Bem no final da década de 1970, para enriquecer sua carteira de produtos, a Guanauto passou a representar a Invel, distribuindo o micro-ônibus desse fabricante cuja versatilidade permitia sua utilização para trabalho ou lazer.
Praticamente ao mesmo tempo, passou a comercializar motocicletas Honda e para isso construiu em suas dependências uma pista de provas de 420 m² destinada a cursos de pilotagem e testes. A Guanauto já era a essa altura uma potência em vendas.
Chegando a década de 1980, o planejamento de expansão da Guanauto voltou-se para a zona oeste da cidade do Rio de Janeiro, mais precisamente a Barra da Tijuca.
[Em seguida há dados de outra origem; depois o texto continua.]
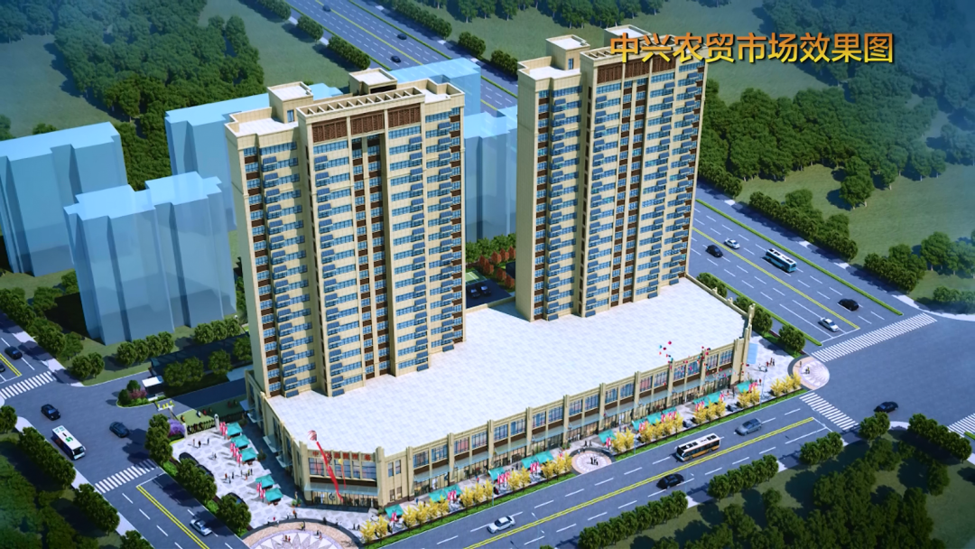 中兴农贸市场迁建项目位于中兴路东侧,国防路西侧,北临城中嘉园小区,总用地面积9698平方米,总建筑面积约29800平方米,是农贸市场、住宅、商铺为一体的建筑综合体项目,项目规划建设地上面积约22800平方米,住宅面积约13000平方米,商业面积约8000平方米。

Centenas de condomínios residenciais estavam em fase de construção e já se vislumbrava que era para aquela região que a cidade do Rio de Janeiro se expandiria.
A ocupação levava para a Barra e adjacências pessoas de alto poder aquisitivo e a distância entre a região e o centro da cidade obrigava o desenvolvimento de uma infraestrutura própria. Alinhada a essa necessidade, a diretoria da Guanauto decidiu, em 1989, instalar uma loja, ainda que pequena para seus moldes, a fim de marcar presença nesse mercado em expansão e atendê-lo
Foi a primeira concessionária Volkswagen a ter uma loja no bairro, a Guanauto Barra, localizada na Avenida das Américas, 2.550. Ainda em 1989, estimava que dali a um ano estaria inaugurando uma nova e imensa instalação a qual certamente seria o “carro-chefe” dessa nova etapa do mercado. Era tratada como “O Palácio” na Av. Alvorada, 2.541 (atualmente Av. Ayrton Senna). Mas obra atrasou e infelizmente não encontrei referências de que tenha sido concluída.
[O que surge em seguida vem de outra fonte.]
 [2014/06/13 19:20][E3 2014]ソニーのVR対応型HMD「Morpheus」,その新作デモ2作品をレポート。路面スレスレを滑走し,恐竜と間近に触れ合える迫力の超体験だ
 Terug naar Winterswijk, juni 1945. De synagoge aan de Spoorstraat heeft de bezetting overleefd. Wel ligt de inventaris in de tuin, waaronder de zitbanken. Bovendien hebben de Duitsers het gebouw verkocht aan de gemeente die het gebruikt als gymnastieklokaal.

O fato é que as propagandas da Guanauto Veículos foram ficando escassas, até que em novembro de 1998 uma notinha do jornalista Ancelmo Góes no jornal O Globo informava que algumas concessionárias estavam vendendo suas unidades na Barra da Tijuca e a Guanauto era uma delas. Em 1999, somente o endereço da matriz no Campo de São Cristóvão permanecia na lista de concessionárias Volkswagen. Não existia mais Guanauto Barra e tampouco a Guanauto Niterói.
Declínio e fim
O declínio da Guanauto Veículos S.A. era evidente. A década de 1990 foi marcada por grandes problemas econômicos no país que, associados à reabertura das importações de veículos no começo da década, certamente afetou muito o faturamento das grandes e tradicionais concessionárias da época.
Grandes grupos econômicos foram obtendo concessões de vários fabricantes transformando-se em grandes conglomerados multimarcas, trabalhando na logística e reduzindo custos ao extremo. Foi o início da transformação dos pontos de venda “nababescos” em instalações mais enxutas e econômicas.
Melancolicamente, após o encerramento das atividades da empresa, em 8 de julho 2002, o belíssimo complexo do Campo de São Cristóvão, 87 foi ocupado pelo comitê de campanha da então candidata ao governo do Estado do Rio de Janeiro, Solange Amaral.
Após praticamente 40 anos, chegou ao fim o ciclo de vida de uma das maiores concessionárias Volkswagen do Brasil, a Guanauto Veículos S.A. Posteriormente, a sede de uma empresa da área de papelaria adquiriu o imóvel, efez as adaptações necessárias e passou a ocupá-lo.
Em busca do que restou do passado
Em dezembro de 2018, após obter autorização da empresa proprietária, pude visitar diversas áreas restritas do prédio principal e que guardam consigo lembranças de uma época que não volta mais.
Muitos elementos de arquitetura e de infraestrutura do prédio permanecem lá. As vigas em balanço, que tanto me impressionaram desde criança, estavam no mesmo lugar, agora, porém, praticamente sem acesso interno.
O elevador de carga, um ícone de engenharia da época, permanece trabalhando a todo vapor, só que em vez de automóveis transporta caixas e mais caixas de objetos de papelaria.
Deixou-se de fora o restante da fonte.